Knowledge Distillation and Training Balance for Heterogeneous Decentralized Multi-Modal Learning over Wireless Networks

Decentralized learning is widely employed for collaboratively training models using distributed data over wireless networks. Existing decentralized learning methods primarily focus on training single-modal networks. For the decentralized multi-modal learning (DMML), the modality heterogeneity and the non-independent and non-identically distributed (non-IID) data across devices make it difficult for the training model to capture the correlated features across different modalities. Moreover, modality competition can result in training imbalance among different modalities, which can significantly impact the performance of DMML. To improve the training performance in the presence of non-IID data and modality heterogeneity, we propose a novel DMML with knowledge distillation (DMML-KD) framework, which decomposes the extracted feature into the modality-common and the modality-specific components. In the proposed DMML-KD, a generator is applied to learn the global conditional distribution of the modality-common features, thereby guiding the modality-common features of different devices towards the same distribution. Meanwhile, we propose to decrease the number of local iterations for the modalities with fast training speed in DMML-KD to address the imbalanced training. We design a balance metric based on the parameter variation to evaluate the training speed of different modalities in DMML-KD. Using this metric, we optimize the number of local iterations for different modalities on each device under the constraint of remaining energy on devices. Experimental results demonstrate that the proposed DMML-KD with training balance can effectively improve the training performance of DMML.

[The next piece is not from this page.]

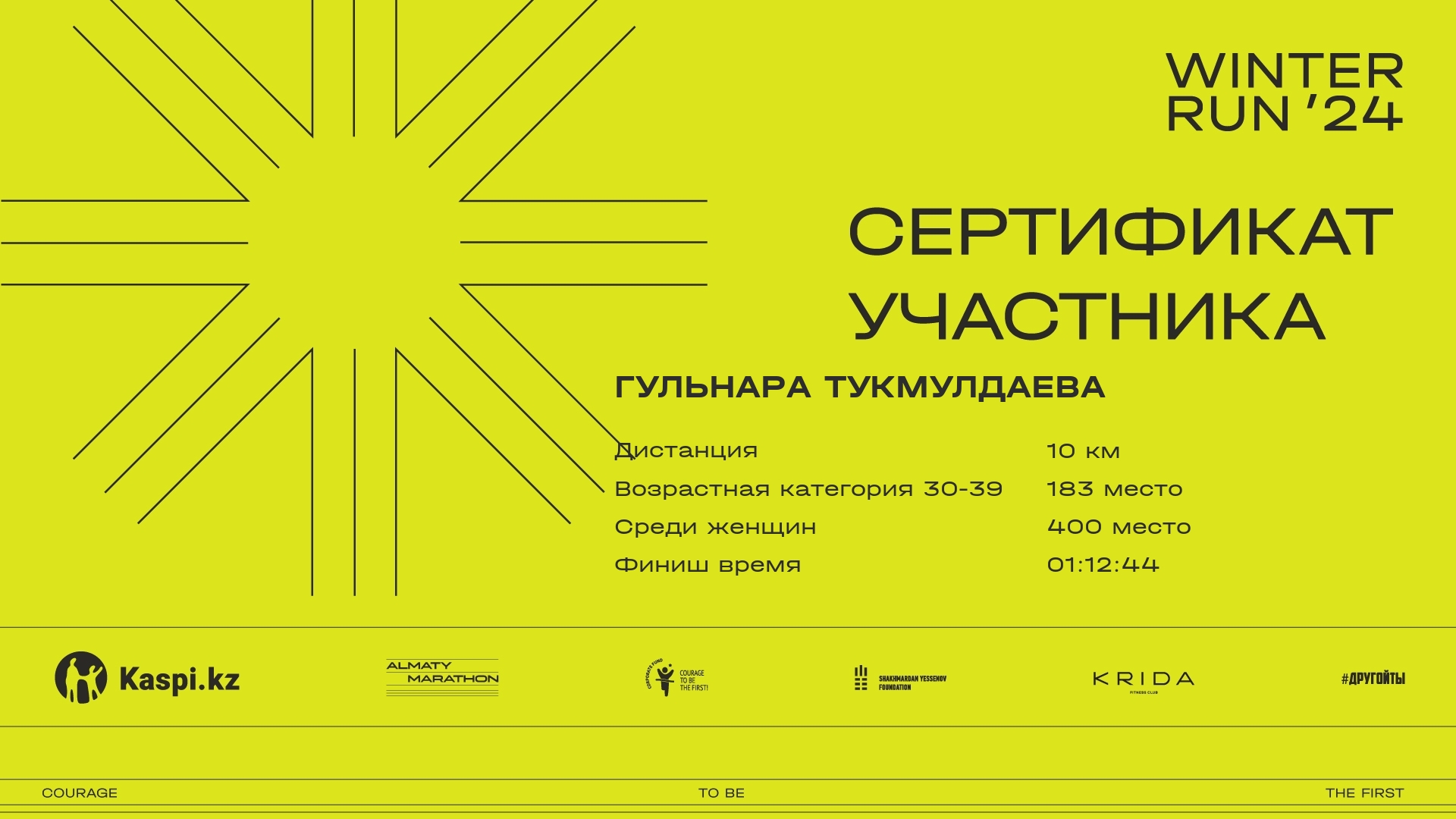 | 1697 | Меруерт Абдрахманова | ![]() | Алматы | 1219 | 00:11:17 | 00:41:54 | 01:08:02 | 01:22:16 | 01:21:08 | Скачать |

翻译：去中心化学习广泛应用于通过无线网络使用分布式数据协同训练模型。现有的去中心化学习方法主要集中于训练单模态网络。对于去中心化多模态学习（DMML），模态异构性以及跨设备间的非独立同分布（non-IID）数据，使得训练模型难以捕获不同模态之间的相关特征。此外，模态竞争可能导致不同模态间的训练不平衡，进而严重影响DMML的性能。为提升在非IID数据和模态异构条件下的训练性能，我们提出了一种结合知识蒸馏的新型DMML框架（DMML-KD），该框架将提取的特征分解为模态共有特征和模态特有特征。在所提出的DMML-KD中，采用生成器学习模态共有特征的全局条件分布，从而引导不同设备的模态共有特征趋向同一分布。同时，我们提出在DMML-KD中减少训练速度较快模态的本地迭代次数，以解决训练不平衡问题。我们设计了一种基于参数变化的平衡度量指标，用于评估DMML-KD中不同模态的训练速度。利用该度量，我们在设备剩余能量约束下，优化每个设备上不同模态的本地迭代次数。实验结果表明，所提出的带训练平衡的DMML-KD能有效提升DMML的训练性能。